Schools offered £1,900 to bring ex-teachers back for EBacc subjects

The scheme has been launched by the National College for Teaching and Leadership (NCTL) and is part of a government drive to recruit ‘returner teachers’.
According to NCTL data, there are currently 337,600 qualified teachers in England who are not currently working in state funded schools. The scheme looks to encourage these teachers into state schools, which can offer a ‘package of support’ for teachers in English, maths, biology, chemistry, physics, modern languages, history and geography. Computing science is not included.
Schools can enrol up to 40 ex-teachers, with the programme beginning in spring 2016.

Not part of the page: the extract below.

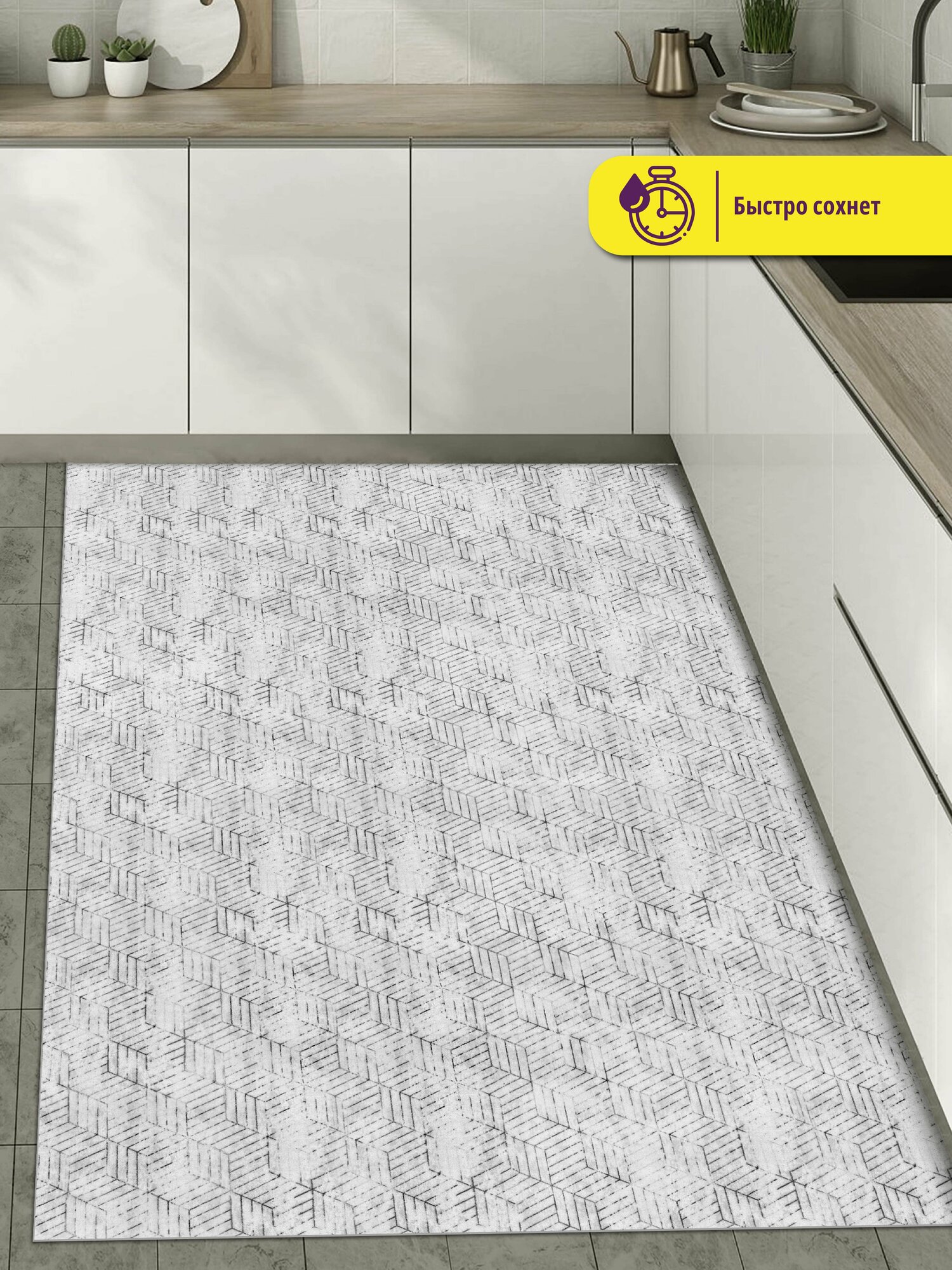Вырезной придверный коврик. Коврик в прихожую антискользящий влаговпитывающий PRINT /размер 150х200см/ Плитка Карфаген бежевый с серым, коврик прикроватный, для кухни, для ванной

Education statistician John Howson criticised the pilot for limiting funding to EBacc subjects, claiming this will not address a number of other subjects also suffering from teacher shortages.
He said: “There is really no shortage of history teachers, at least in the state sector, although I suppose they could be expected to teach key stage 3 humanities to relieve the looming shortage of geography teachers.
“And what of religious education, IT and music, all other non-EBacc subjects where there have been, are, or will be shortages? Don’t these subjects count in the curriculum anymore?”
A Department for Education spokesperson said: “The number and quality of teachers in our classrooms is at an all-time high but as the economy strengthens we recognise that recruitment can be challenging – particularly in some areas of the country.
“From 2020 we will expect every young person to take the EBacc combination at GCSE, to ensure they’re studying the core subjects that will set them up for life. As part of guaranteeing all young people access to excellent teachers in these subjects we are supporting a number of schools to recruit up to 650 teachers to return to the classroom in September 2016.”